- **Problem to solve**: Return exactly the lines from the start of the records below through the line containing "14일(한국시간) 미국일간지 '허핑턴포스트'에", both ends included, and leave out the pictures.

- **Given entries**:
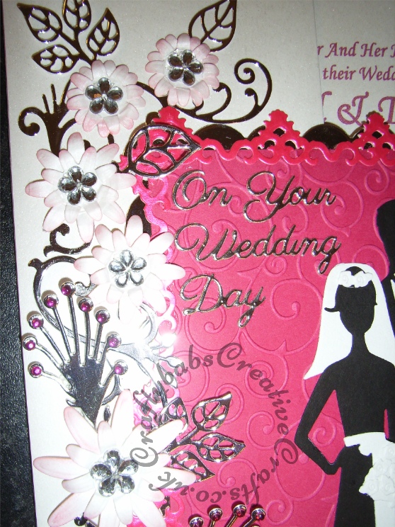 Large A4 Wedding card, coloured to match wedding theme made using spellbinders antiques accents border die, Quickutz lifestyle crafts cookie cutter bride & groom dies, Xcut flowers dies and Marianne leaf and flourish dies. Background embossed with Xcut A4 folder. Sentiment cut using Britannia sentiment dies.
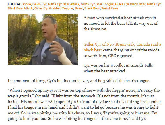 14일(한국시간) 미국일간지 '허핑턴포스트'에 따르면 한 남성이 곰의 습격에서 살아남았다. 캐나다 뉴브런즈윅주(州)에 사는 이 남성 질 시르는 산책 중 흑곰을 만났다. 곰은 다짜고짜 이 남자에게 달려들어 공격을 시작했다.
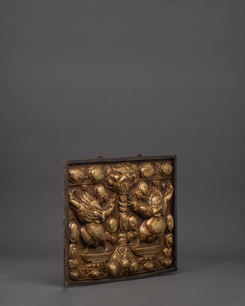 This Garuda wall art is not just a pretty artwork, but also a metaphysical talisman that repels negative influences and attracts positive energy into your space. With its aggressive posture and ornate adornments, the Garuda figure represents heavenly force and guardian energy, making it an ideal addition to your home altar, yoga studio, or ritual place. The golden brass finish showcases the complex carvings, giving it a period feel reminiscent of traditional Tibetan art. This wall hanging, which may be used in spiritual ceremonies or displayed as an artistic centerpiece, captures Garuda's protective energy.
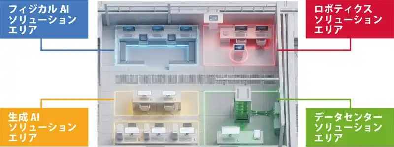 | 会場内の展示エリアでは、「フィジカルAIソリューション」「ロボティクスソリューション」「生成AIソリューション」「データセンターソリューション」の4つのテーマブースを設置し、NVIDIAをはじめとしたパートナー各社と連携したデモ展示を行います。 | ||||||||||||||||||||||||||||||
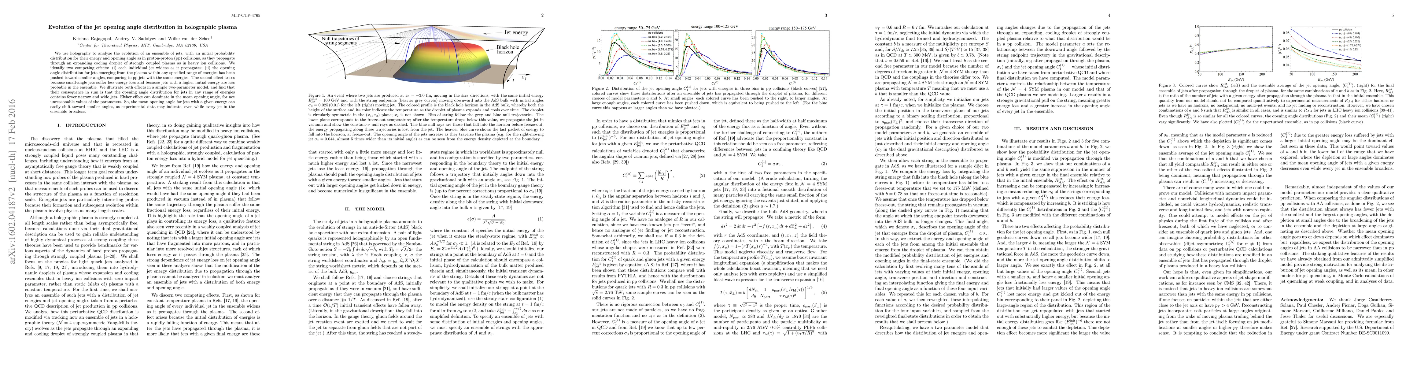 This paper uses holography to study how jets in a strongly coupled plasma evolve, finding that while individual jets widen, the overall distribution shifts toward smaller opening angles due to less energy loss in small-angle jets and a reduced probability of high-energy jets. The net effect is a reduction in both narrow and wide jets in the distribution.
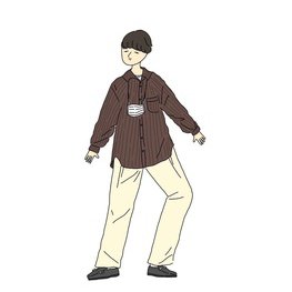 ファッションが大好きで、プライベートではイケてるサングラスをかけている姿が印象的な、みんなに愛されているあいあいです。推しテキスタイル
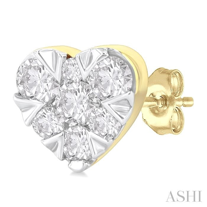 Add a touch of glamour to any outfit with these stunning Lovebright Petite diamond fashion stud earrings, a perfect accessory to elevate your style on any occasion. The earrings feature a striking heart-shaped mount that dazzles with a cluster of round cut diamonds. Each mount is skillfully adorned with 7 invisible set round cut diamonds, 1 in the center and 8 surrounding it, sparkling with unmatched brilliance. The Lovebright Petite diamond fashion stud earrings are sculpted in 10 karat yellow gold. Total diamond weight is 1/6 ctw. Other metal types & colors may be available.
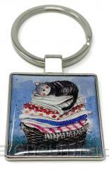 Brelok do kluczy K03 Kot na koszu z praniem
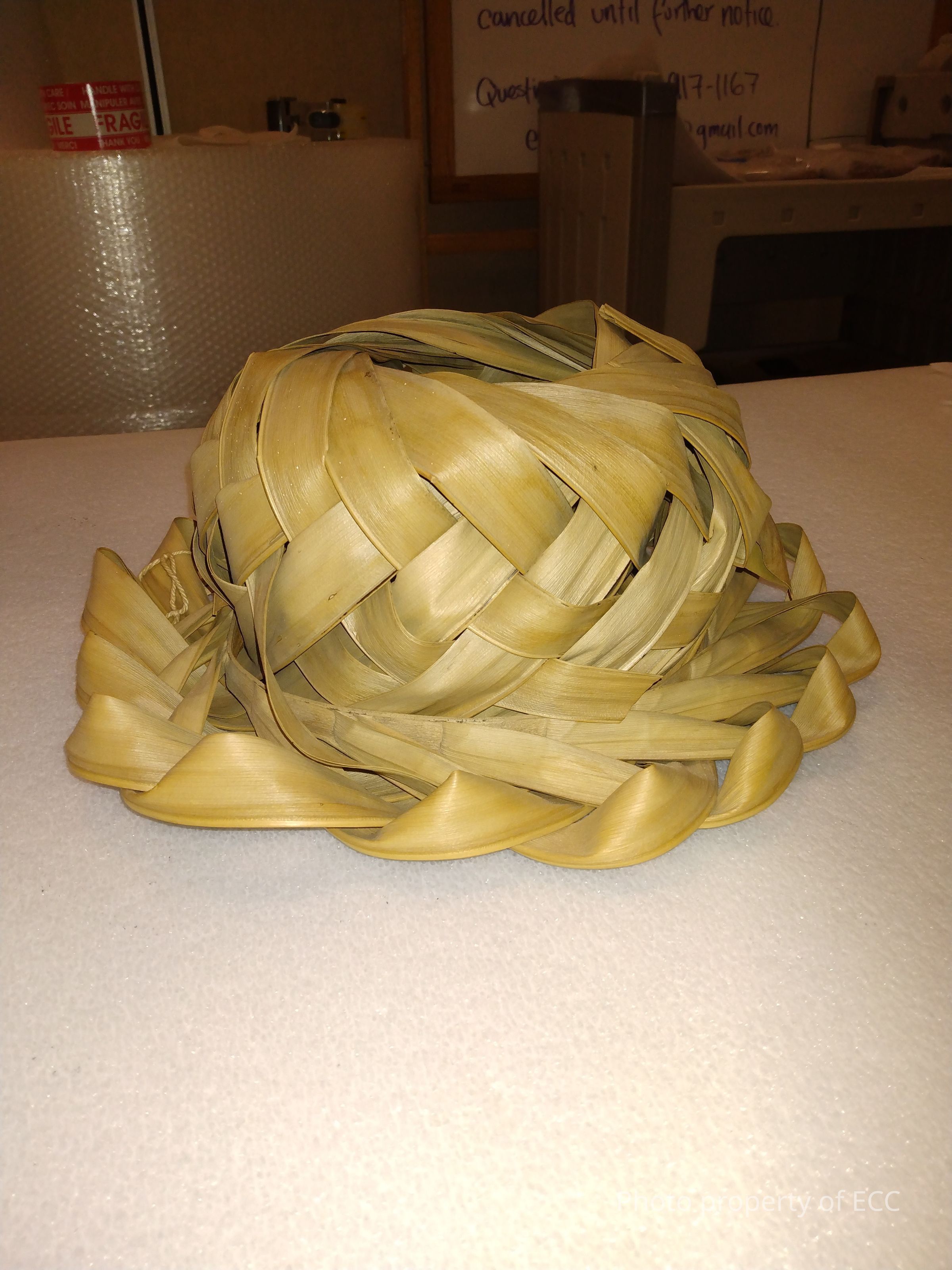 Headpiece made from braided palm leaves with cording. Cord also hangs from brim. Headpiece with opening on top and has brim.Collection
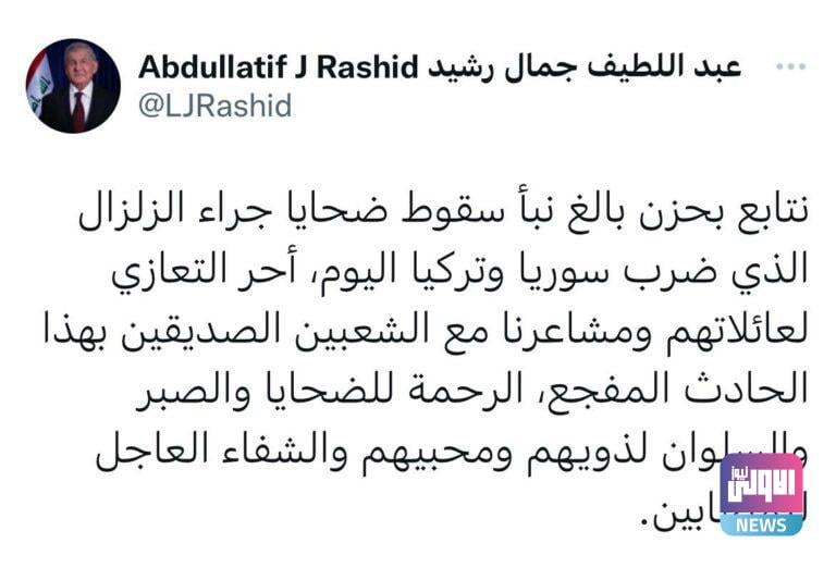 قدم رئيس الجمهورية عبد اللطيف رشيد، اليوم الاثنين، التعازي بضحايا الزلزال الذي ضرب سوريا وتركيا.

- **Written response**:
 Large A4 Wedding card, coloured to match wedding theme made using spellbinders antiques accents border die, Quickutz lifestyle crafts cookie cutter bride & groom dies, Xcut flowers dies and Marianne leaf and flourish dies. Background embossed with Xcut A4 folder. Sentiment cut using Britannia sentiment dies.
 14일(한국시간) 미국일간지 '허핑턴포스트'에 따르면 한 남성이 곰의 습격에서 살아남았다. 캐나다 뉴브런즈윅주(州)에 사는 이 남성 질 시르는 산책 중 흑곰을 만났다. 곰은 다짜고짜 이 남자에게 달려들어 공격을 시작했다.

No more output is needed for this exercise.